Goal of the exercise. Every line below from the one containing "Selling a stylish" through the one containing "The Elegance Red" is to be printed exactly, with the pictures omitted.

Data for processing.
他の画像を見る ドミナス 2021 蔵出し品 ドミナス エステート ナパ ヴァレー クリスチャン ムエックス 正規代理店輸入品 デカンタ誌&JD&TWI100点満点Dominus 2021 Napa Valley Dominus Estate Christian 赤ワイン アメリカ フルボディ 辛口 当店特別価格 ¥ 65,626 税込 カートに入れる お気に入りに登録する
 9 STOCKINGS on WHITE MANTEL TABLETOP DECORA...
==
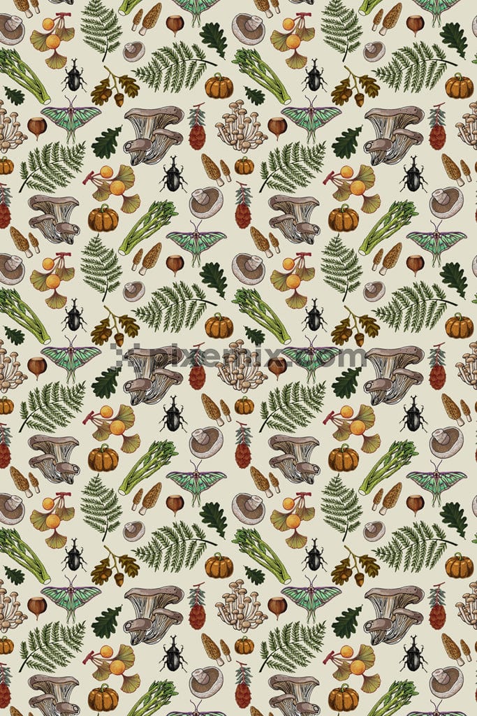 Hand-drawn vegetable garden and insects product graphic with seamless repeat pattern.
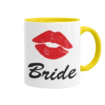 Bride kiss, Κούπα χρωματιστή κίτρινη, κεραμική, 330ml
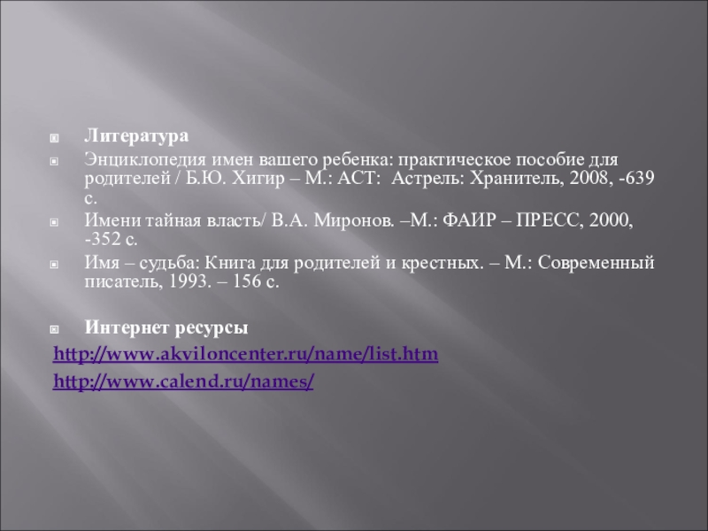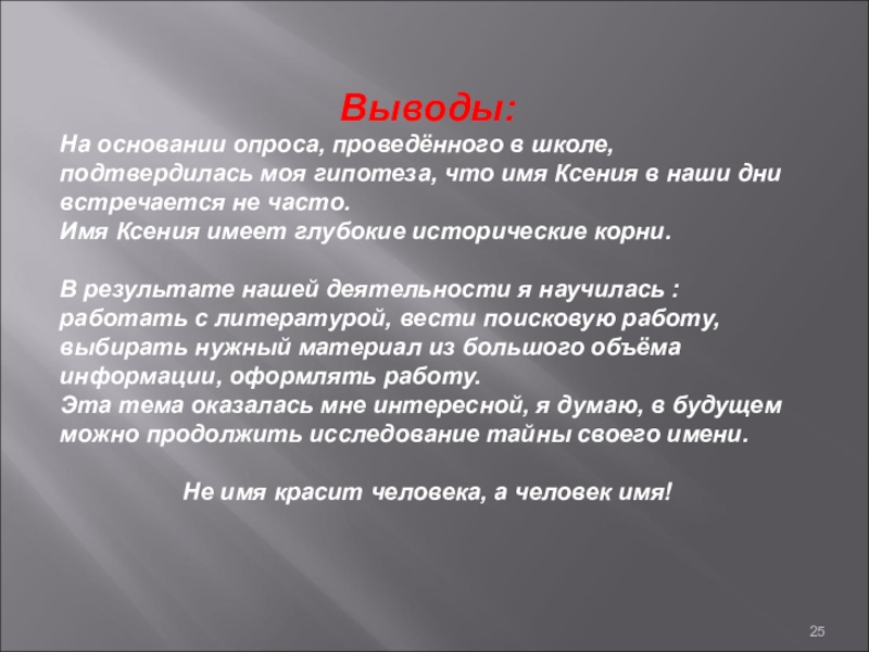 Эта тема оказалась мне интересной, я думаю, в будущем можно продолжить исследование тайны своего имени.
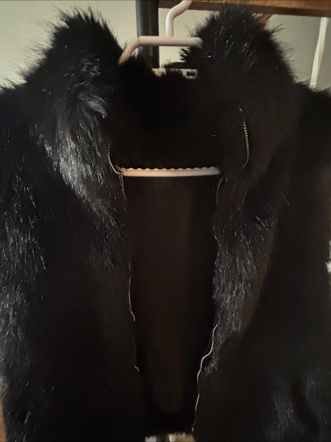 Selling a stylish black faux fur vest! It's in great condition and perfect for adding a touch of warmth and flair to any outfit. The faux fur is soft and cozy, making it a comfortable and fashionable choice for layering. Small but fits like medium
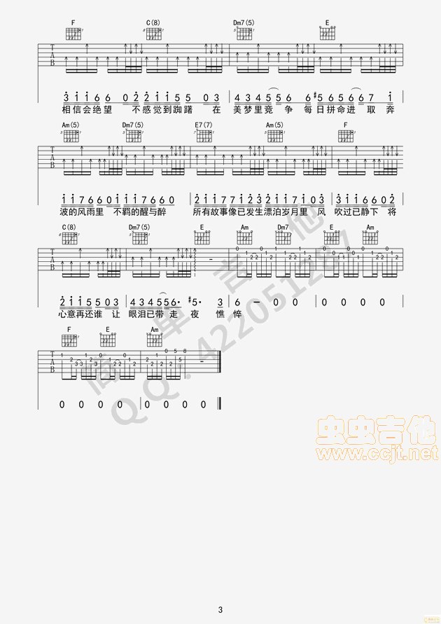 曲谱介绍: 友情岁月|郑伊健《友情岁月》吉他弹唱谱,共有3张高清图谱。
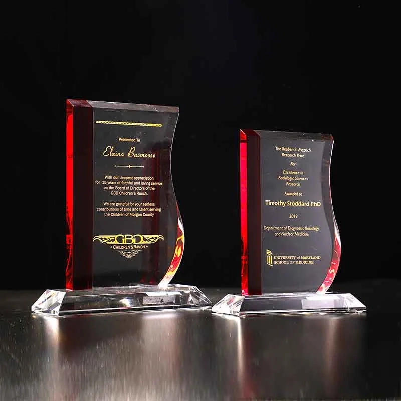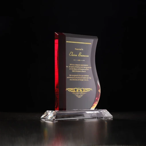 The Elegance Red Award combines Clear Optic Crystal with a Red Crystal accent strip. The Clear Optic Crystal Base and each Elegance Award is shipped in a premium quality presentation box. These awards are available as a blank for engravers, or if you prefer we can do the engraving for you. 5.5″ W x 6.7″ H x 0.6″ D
==
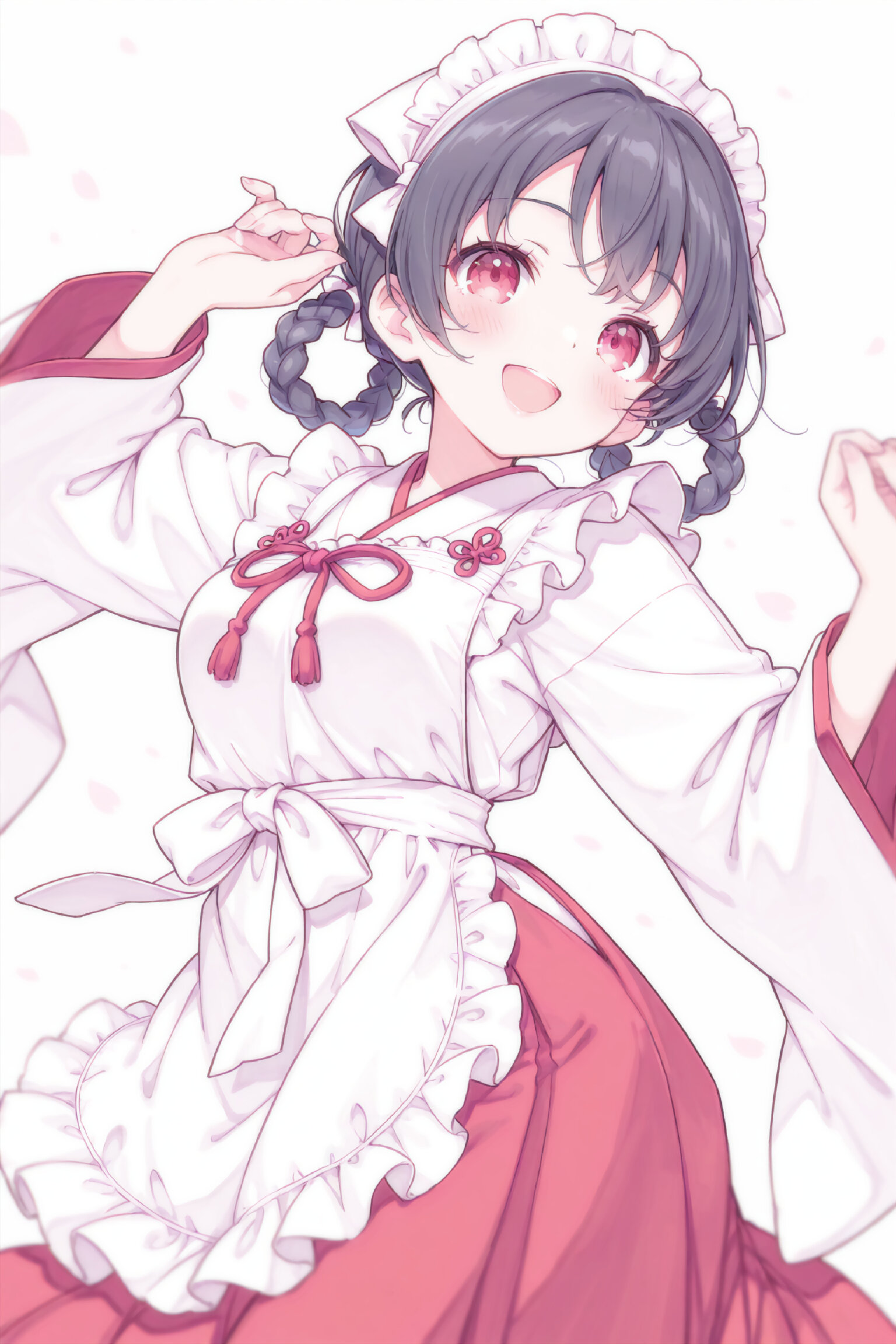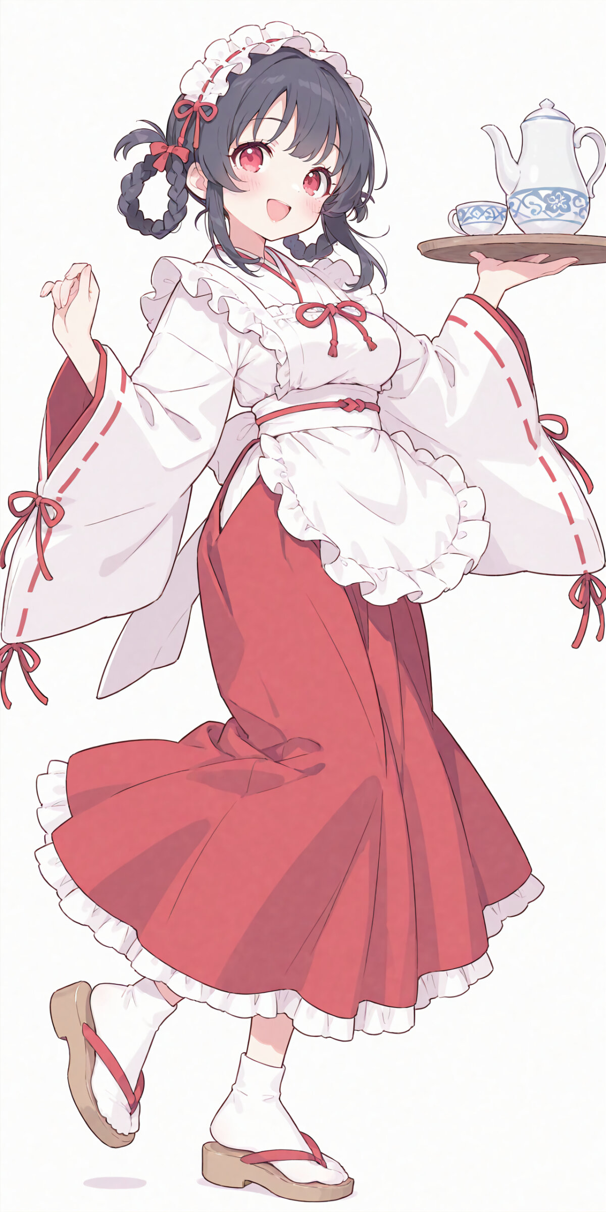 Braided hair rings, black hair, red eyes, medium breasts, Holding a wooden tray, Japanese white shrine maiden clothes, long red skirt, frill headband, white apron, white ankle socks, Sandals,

Solved problem.
 Selling a stylish black faux fur vest! It's in great condition and perfect for adding a touch of warmth and flair to any outfit. The faux fur is soft and cozy, making it a comfortable and fashionable choice for layering. Small but fits like medium
 曲谱介绍: 友情岁月|郑伊健《友情岁月》吉他弹唱谱,共有3张高清图谱。
 The Elegance Red Award combines Clear Optic Crystal with a Red Crystal accent strip. The Clear Optic Crystal Base and each Elegance Award is shipped in a premium quality presentation box. These awards are available as a blank for engravers, or if you prefer we can do the engraving for you. 5.5″ W x 6.7″ H x 0.6″ D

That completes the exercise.